第228話 勝利
轟ッ!
二つの拳が真正面から激突した。
半径十メートルほどの地面が一気に陥没し、無数の砕石が四方へ弾け飛ぶ。
アーガの膝下で地面が大きくひび割れた。
受け止めている腕全体が激しく震えている。
暴血状態となったライドの力はあまりにも重い。
このまま押し込まれ続ければ、防御ごと叩き潰されかねない。
アーガは歯を食いしばった。もう片方の手でジョーカーカードを取り出し、右側のカードスロットへ差し込む。
「風之怒――砕岳断裂!」
直後。
ベルトから膨大な魔力が爆発した。
風圧。そして重撃。二つの力が同時に凝縮され、限界まで圧縮された巨大な槍のようにアーガの拳から炸裂する。
ライドの拳が真正面から押し返された。
二つの魔力が僅かな時間拮抗し――
同時に爆発する。
轟ッ!
アーガとライドの身体が、同時に吹き飛ばされた。
ライドは放置されていた鉱車へ激突する。
鉱車を粉々に砕き、そのまま何度も地面を転がった。それでも先に立ち上がったのはライドだった。
まだ完全に起き上がっていないアーガを見た瞬間――
背中の翼を広げる。
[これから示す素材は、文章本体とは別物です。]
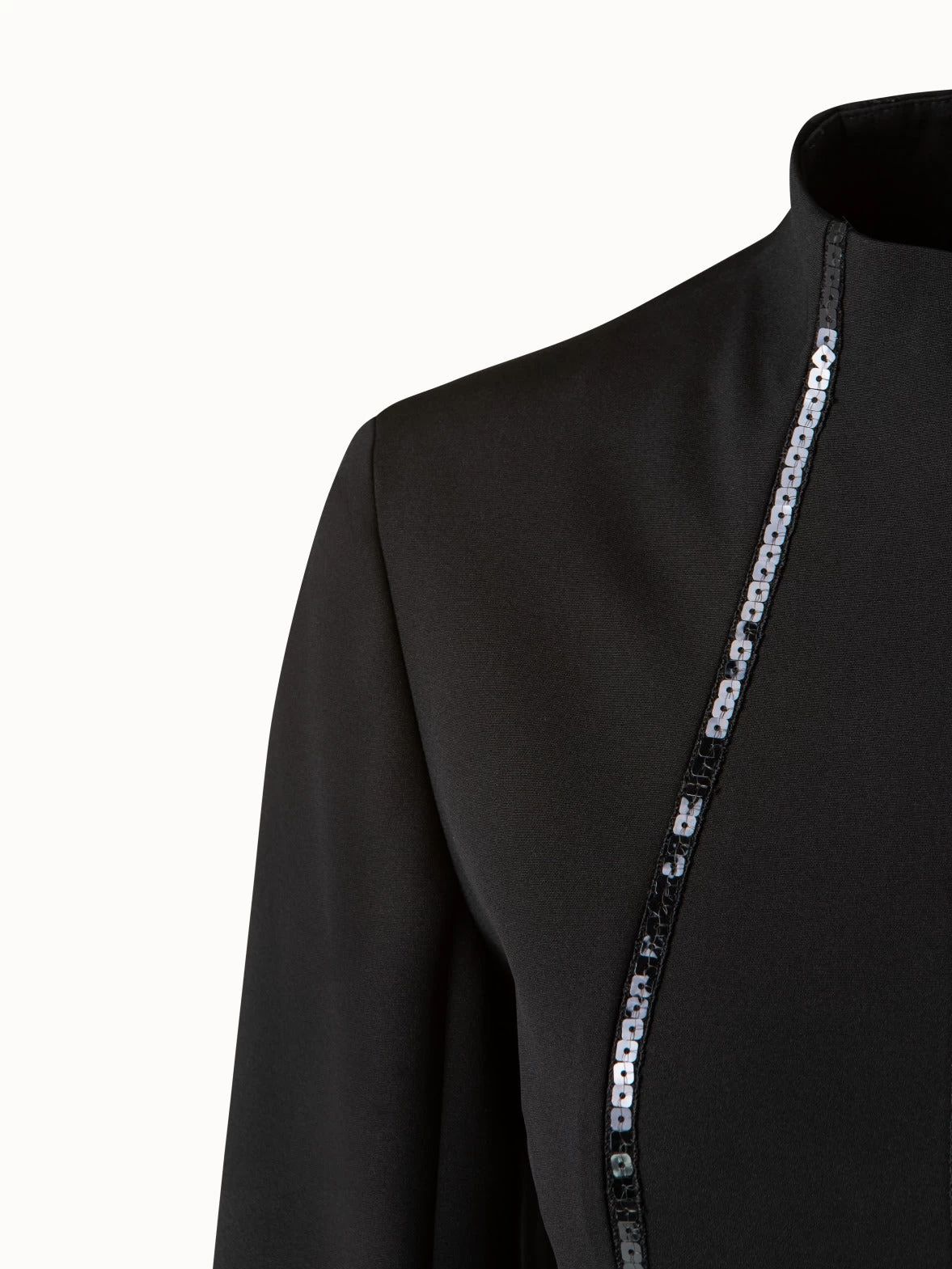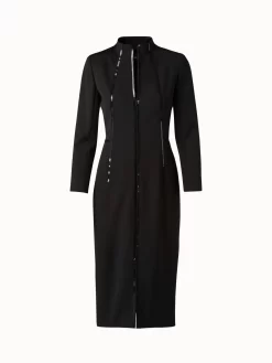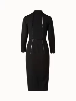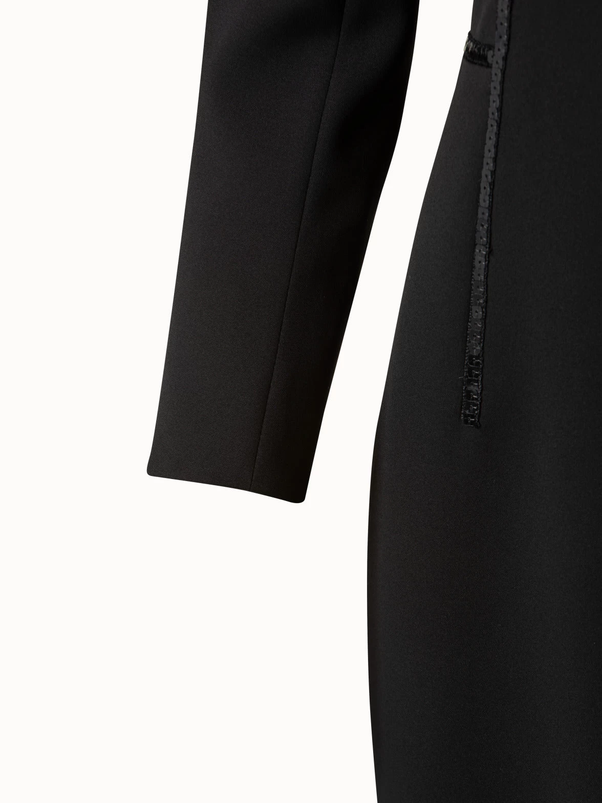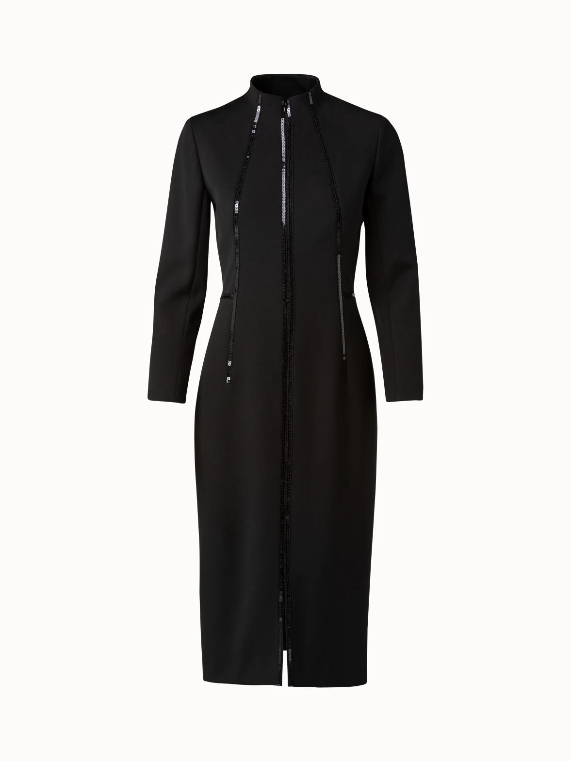 AKRIS Silk Crêpe Fitted Sheath Dress With Sequins Piping

逃げるつもりだ。
しかし。
アーガもすでに立ち上がっていた。即座に四枚のカードを交換する。
赤5――氷。
黄5――白鳥。
青3――集中印。
緑3――射術。
「冷凍形態·532号」
冷たい魔力が全身を包み込む。白鳥のカードが持つ飛行能力が発動した。アーガが軽く地面を蹴る。その身体がそのまま空へ浮かび上がった。
ライドがある程度の距離まで飛んだ、そのとき。背後から鋭い破空音が聞こえた。振り返る。
アーガが追ってきている。
「なっ……!」
アーガが片手を上げた。指先から氷の弾丸が次々に発射される。
一発一発が非常に速い。そして軌道も正確だった。
ライドは何度も進行方向を変えざるを得ない。身体を捻って氷弾を避けながら、翼を強く羽ばたかせて高度を上げる。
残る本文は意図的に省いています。